A case of systemic lupus erythematosus with interstitial myocarditis leading to sudden death

: A 29-year-old female with systemic lupus erythematosus (SLE) was admitted because of exertional dyspnea in January, 1996. The diagnosis of SLE was made on the basis of malar rash, discoid rash, polyarthritis, leukopenia, positive antinuclear antibody and focal glomerulonephritis in 1991. She did not have any cardiac symptoms in 1994, when the electrocardiogram (ECG) abnormalities, such as poor R wave progression and right axis deviation, were present. On admission, she developed congestive heart failure without any signs of active SLE. Laboratory findings were unremarkable. There were new ECG abnormalities, such as left atrial overload and low voltage in limb leads. Chest roentgenogram showed mild pulmonary congestion and marked cardiomegaly. Echocardiography showed enlargement and diffuse hypokinesis of the left ventricle. Cardiac catheterization confirmed that the coronary arteries were normal and that the left ventricular function was poor (ejection fraction, 21%). Myocardial biopsy obtained from left ventricle revealed interstitial fibrosis. After furosemide, digoxin and captril were administered with predonisolone (PSL), her symptoms gradually improved. Since the Holter monitoring showed nonsustained ventricular tachycardia, the doses of PSL and mexiletine were increased up to 20 mg and 300 mg daily, respectively. Unexpectedly, she was found dead in her hospital room in May, 1996. The postmortem findings of the heart revealed mild infiltration of inflammatory cells, predominantly lymphocytes, and plasma cells, and interstitial fibrosis, which were consistent with interstitial myocarditis.
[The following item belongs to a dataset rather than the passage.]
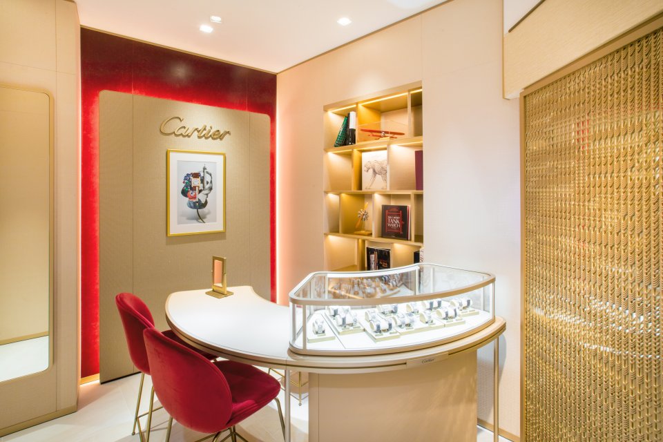 ホリデームードたっぷりの店内には、世代を超えて愛されるカルティエ ウォッチの数々

In this case ECG abnormalities preceded cardiac symptoms, which may suggest that myocarditis subclinically developed. Serum creatinine kinase levels had not been elevated throughout the entire course. While several cases of acute myocarditis associated with a flare of SLE have been reported, there were few cases regarding interstitial myocarditis that chronically progress and can be fatal. This case is thought to be suggestive of elucidating the pathogenesis of lupus myocarditis.